There was a football pitch in Drammen. But like most other outdoor pitches in that part of Norway, it was made of hard gravel: built for durability rather than control or technique. So in 2005, Hans Erik Ødegaard and about a dozen other parents simply forked out £50,000 to build a state-of-the-art all-weather surface, just a few hundred yards from the lavish villa he shared with his family.
Money wasn’t a problem. The Ødegaards ran a chain of high-street clothing stores and Hans had been a professional footballer in his younger days. But he had even grander ambitions for his son di lui, Martin, who even at the age of six could shoot a football at 40mph and possessed an unusual and extravagant range of skills. He couldn’t have known it at the time, but the artificial grass that Hans was paying for might as well have been a red carpet, spiriting his son to the most exclusive enclosure of the professional game.
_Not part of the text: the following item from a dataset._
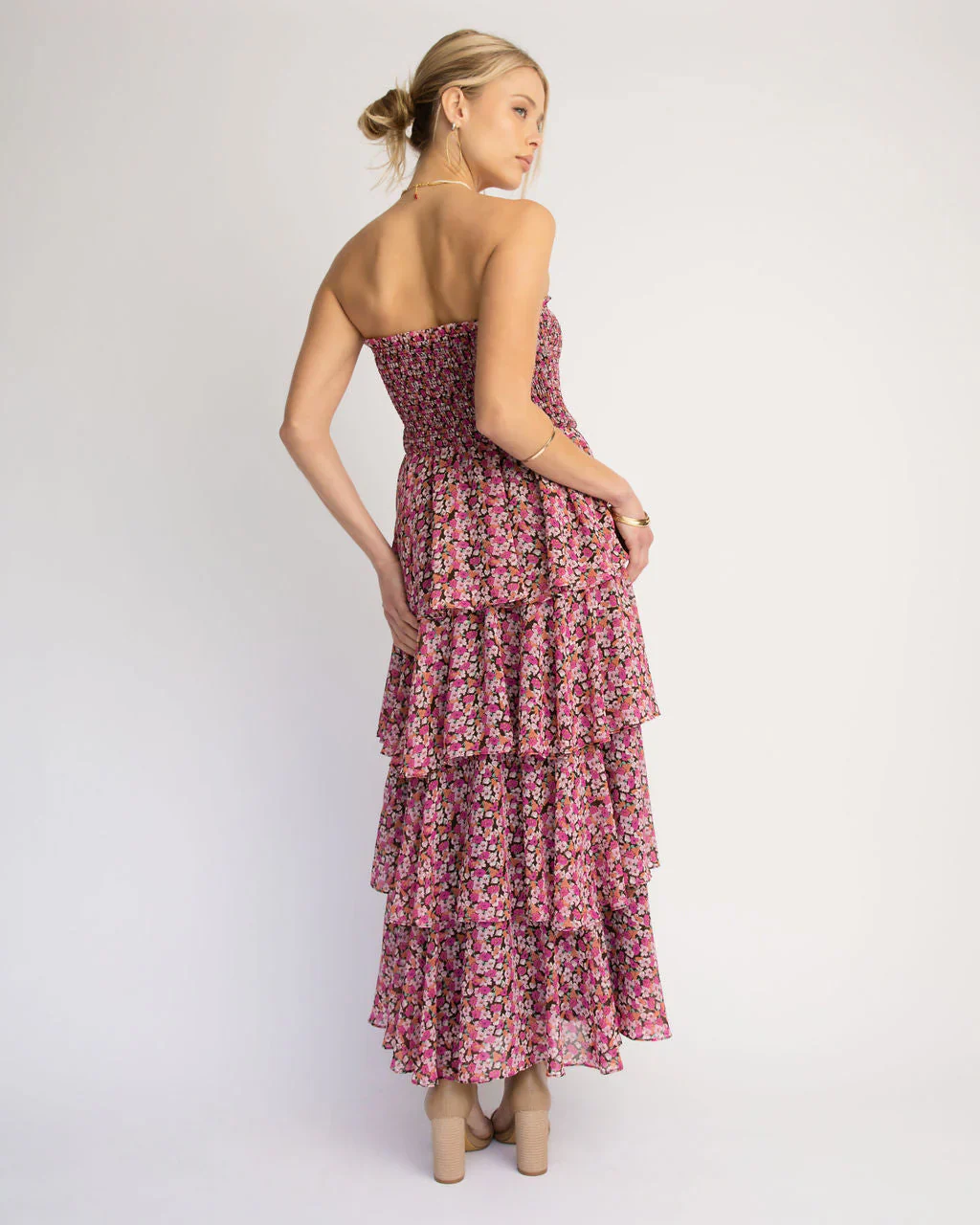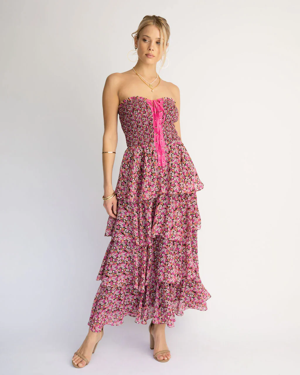 La Vida Strapless Corset Floral Tiered Midi Dress

And so when Mikel Arteta speaks of the “very specific development process” that has led Martin Ødegaard to this point, he is speaking about more than talent and hype, the journey that takes a ferociously gifted young footballer to Real Madrid at the age of 16 and the captaincy of arsenal at 23. Perhaps the most interesting part of the Ødegaard story is the way it upends the usual footballer narrative of triumph over adversity, of conquering insurmountable odds. Almost from the moment he could kick a ball, there was a predestination to Ødegaard’s rise, a career mapped out with the precision of a business document, the sense that if everyone worked hard and did their jobs, this would be the only logical conclusion.
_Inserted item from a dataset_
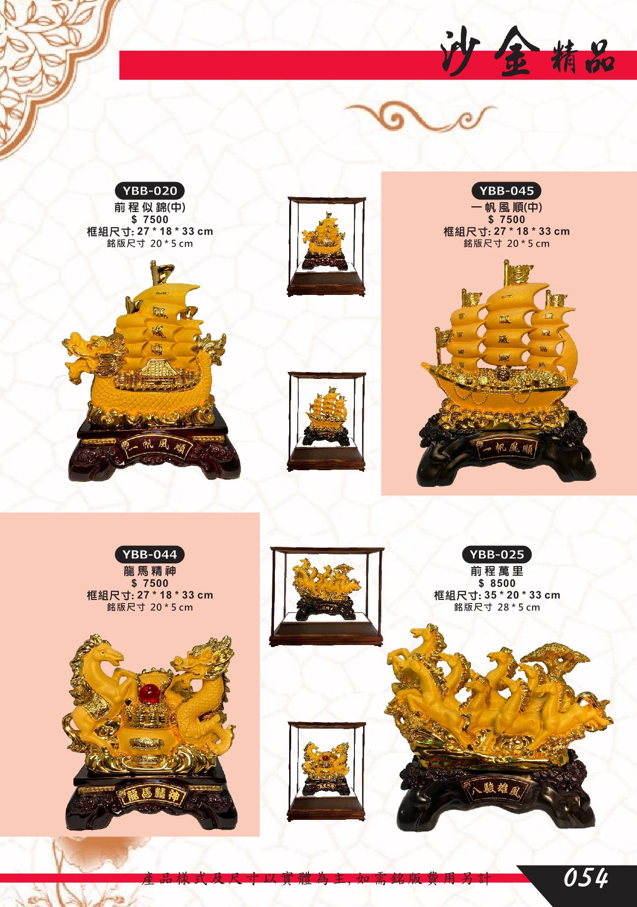 YBB-020,YBB-045,YBB-044,YBB-025,前程似錦,船,一帆風順,龍馬精神,前程萬里,馬,沙金藝品

You can almost see it in the way he plays: that luxurious extra second he seems to enjoy, the way he glides across the pitch as if on wheels, the lack of stress and struggle with which he receives the ball in the most crowded area on the pitch. Individually and collectively this has been Ødegaard’s best season, and even the team around him could have been hand-picked to expedite his talents: speed and movement, youth and hunger, the best available training facilities and support network, a coach teaching him new tricks every day.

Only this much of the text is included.